If we go this direction we would need to make ballista optional feature

milenkovicm avatar Nov 29 '24 21:11 milenkovicm

I don’t have my computer this weekend so I can’t test to verify but you may get unblocked if you do ctx = SessionContext(ctx)

I finally got some time to try this, but unfortunately no luck, no such function.

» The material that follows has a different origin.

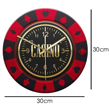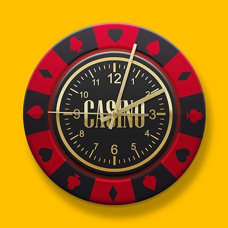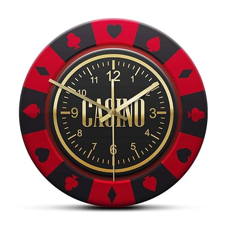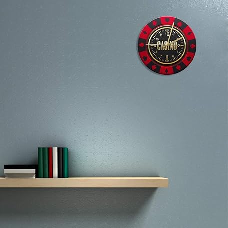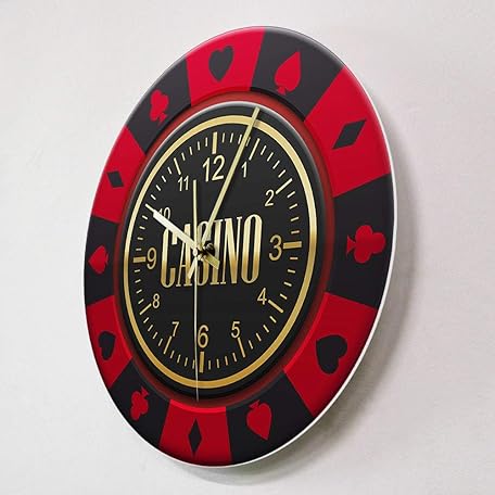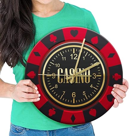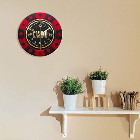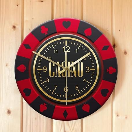 The Geeky Days Gamble Chip Printed Battery Operated Wall Clock Roulette Tournament Chip Design Hanging Silent Non-Ticking Clocks Watch for Pub Club Casino Wall Decor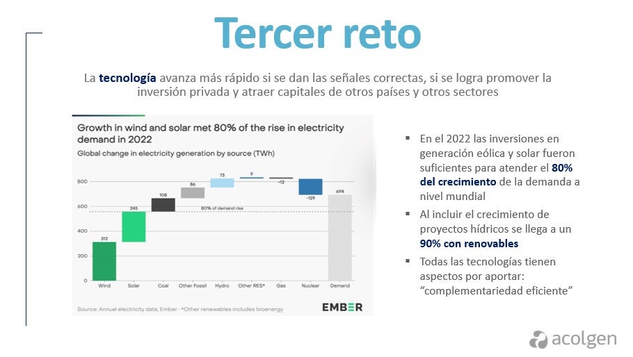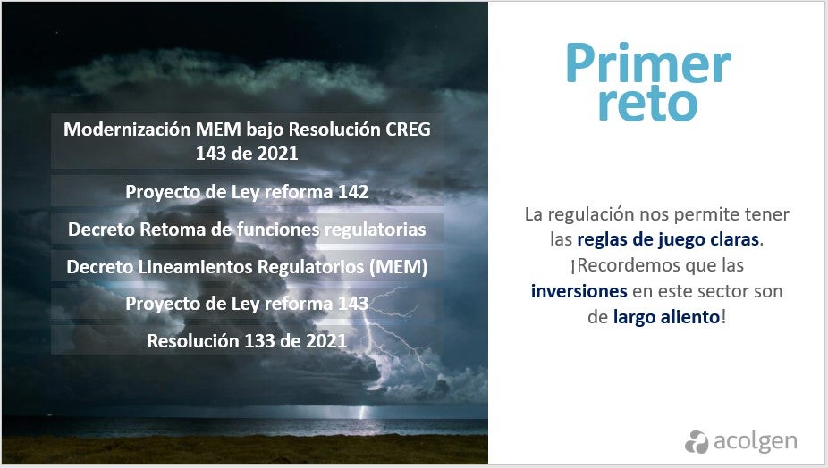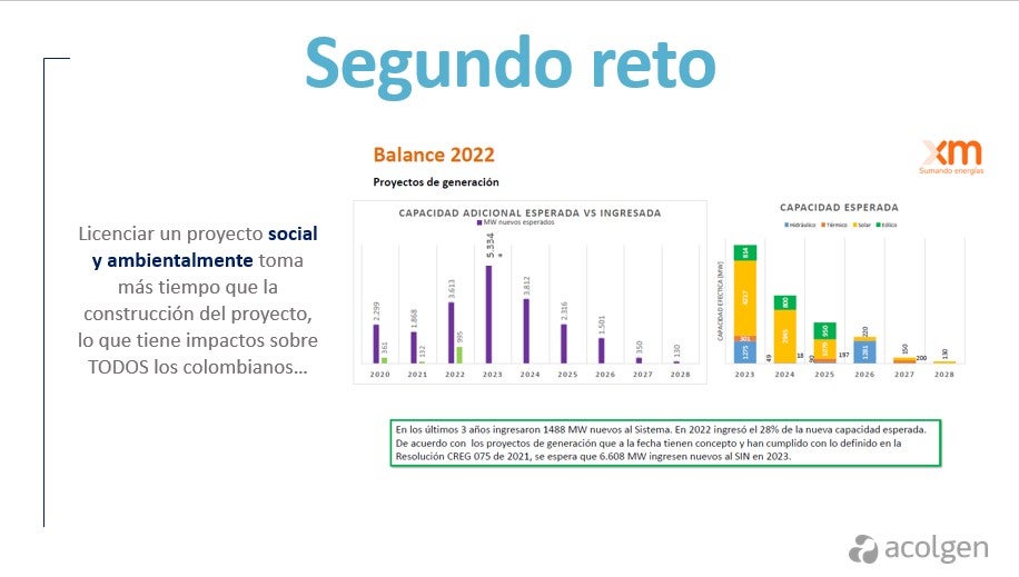 Entre los retos encontrados por las empresas generadoras está una expectativa no cumplida de energía que debe entrar a la matriz y no ha logrado su incorporación. Acolgen también hizo un llamado en materia de licencias. "Hay que dar señales para que la transición energética se dé. Tenemos serias dificultades con las licencias ambientales", dijo. Incluso en un cambio legislativo, las consultas previas podrían demorar hasta 100 días, lo cual sería un atraso significativo de los proyectos de generación.

I tried variation of the proposal wrapping DataFrame, but same error

from ballista import BallistaBuilder
# from datafusion.context import SessionContext
from datafusion import functions as f
from datafusion.dataframe import DataFrame


ctx = BallistaBuilder()\
    .standalone()

df = ctx.sql("SELECT 1 as r")

df0 = DataFrame(df)
df0.aggregate(
    [f.col("r")], [f.count_star()]
)
df0.show()
TypeError                                 Traceback (most recent call last)
Cell In[4], [line 14](vscode-notebook-cell:?execution_count=4&line=14)
     [11](vscode-notebook-cell:?execution_count=4&line=11) df = ctx.sql("SELECT 1 as r")
     [13](vscode-notebook-cell:?execution_count=4&line=13) df0 = DataFrame(df)
---> [14](vscode-notebook-cell:?execution_count=4&line=14) df0.aggregate(
     [15](vscode-notebook-cell:?execution_count=4&line=15)     [f.col("r")], [f.count_star()]
     [16](vscode-notebook-cell:?execution_count=4&line=16) )
     [17](vscode-notebook-cell:?execution_count=4&line=17) df0.show()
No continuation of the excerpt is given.